The allegations against Dr. Jackson came to light this past April, and the school district hired the Los Angeles-based law firm Sanchez & Amador to look into them. The two employees, who were not named, were fired in 2023, in what they believed was retaliation for rebuffing Dr. Jackson’s advances.

The four-month investigation confirmed that Dr. Jackson had engaged in sexual behavior toward the women but did not find that they were terminated for turning him down, according to documents shared with The Times.

The law firm’s investigator also interviewed several people who said that Dr. Jackson had promoted women with whom he had a sexual relationship, but the investigation did not find sufficient evidence to support that allegation.

In a statement Friday, school board officials said they and the superintendent “have mutually agreed that separation is in the best interest of the district,” given the investigation’s findings. Maureen Magee, a spokeswoman for the district, said that Dr. Jackson was officially terminated without cause and would receive six months’ worth of severance pay.

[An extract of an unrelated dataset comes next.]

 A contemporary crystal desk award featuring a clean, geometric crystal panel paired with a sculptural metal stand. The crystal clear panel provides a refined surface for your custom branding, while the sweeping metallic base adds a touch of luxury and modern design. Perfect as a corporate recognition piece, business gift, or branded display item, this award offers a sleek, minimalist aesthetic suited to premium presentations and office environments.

Dr. Jackson made $475,339 in 2022, according to Transparent California, which tracks salaries of public employees in the state.

Administrators Association San Diego City Schools, a union that represents school principals and district employees, said in a statement that “the decision to part ways following sustained allegations of misconduct is a difficult but necessary step toward upholding the values we hold dear.”

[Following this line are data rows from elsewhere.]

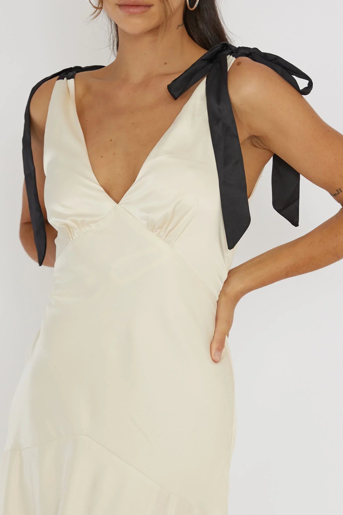 You know the bow trend isn't going anywhere and we are obsesseddd with our New York Minute maxi dress! Featuring contrasting bows on the shoulders and a flounce hem, it's perfect for a special occasion or bridal events. Team it with nude heels and a clutch for an It Girl look.
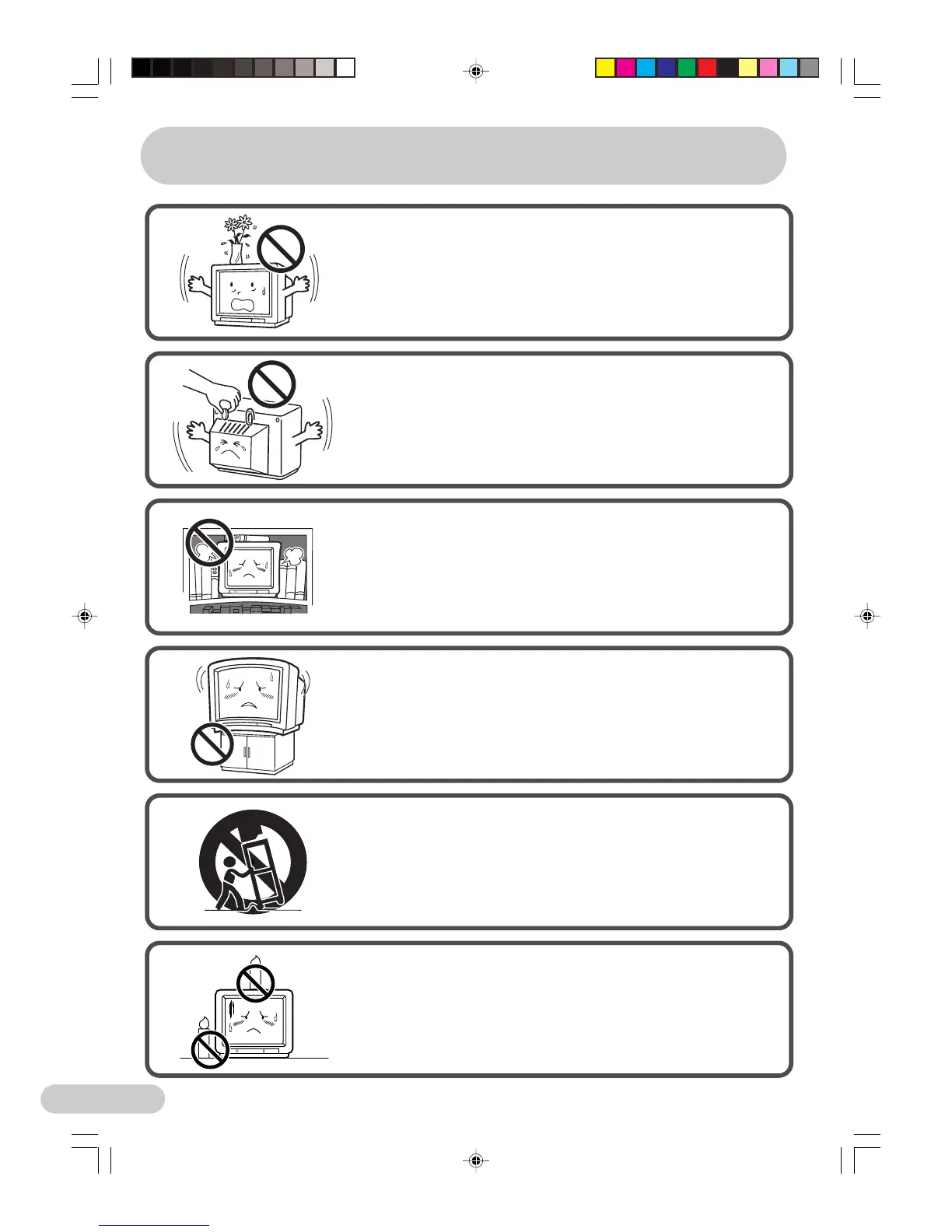 the TV set, as liquid spilt on the TV set can cause electrical
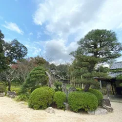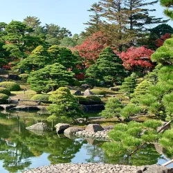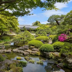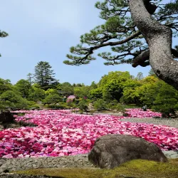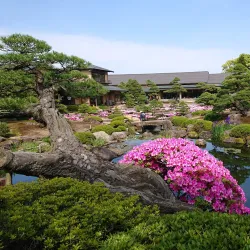 Yushien Garden is a traditional Japanese garden known for its seasonal flowers, including azaleas and hydrangeas.
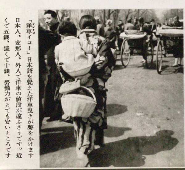 拉洋车的车夫学会日语“洋车”的发音,看到日本主妇出门,就招呼她们。中国人和日本人使用洋车的价钱不一样,对日本人来说,近处五钱,远处十钱。
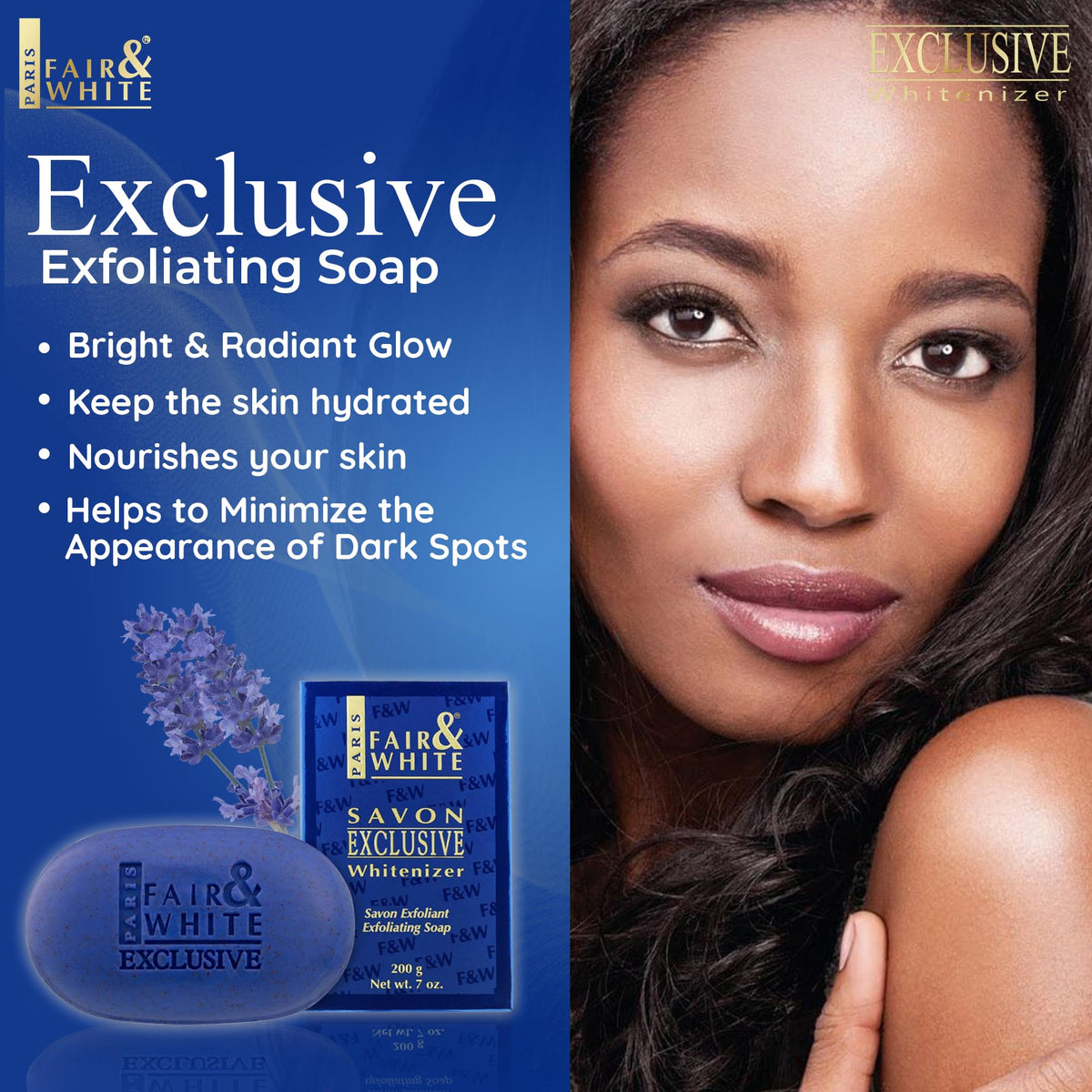 Pamper your skin with FAIR & WHITE Exclusive Exfoliating Soap. This 200g / 7oz bar soap gently exfoliates, leaving your face and body moisturized and refreshed.

The news comes just weeks after the U.S. Department of Education released a report finding that the San Diego school district did not properly respond to hundreds of sexual harassment allegations made by its students between 2017 and 2020, before Dr. Jackson led the district. These include instances of students groping other students, and school officials not taking adequate steps to prevent repeated assaults.

“These failures led to serial perpetration of harassment with insufficient district response, leaving district students vulnerable to the sex discrimination in school that Title IX forbids,” the department’s report said. In response to the report, the district agreed to overhaul its response to sexual harassment allegations.

The district is facing another lawsuit, filed in December by 11 school district police officers who said that their supervisors had bullied and harassed them for years because of their race and sex.

The lawsuit also named Dr. Jackson, saying he was part of a group that “compelled, coerced, aided, and/or abetted the discrimination, retaliation and harassment.” It said that after an officer complained about a supervisor’s discriminatory behavior, Dr. Jackson, in retaliation, visited the middle school where the officer’s girlfriend taught in order to intimidate her, and gave her “an unwelcomed hug.”

Attorneys representing the school district and Dr. Jackson have said that they deny the allegations in the lawsuit. Neither the district nor Dr. Jackson “were negligent, careless, reckless, acted unlawfully, or was guilty of any other wrongful act or omission whatsoever,” they said in a court filing.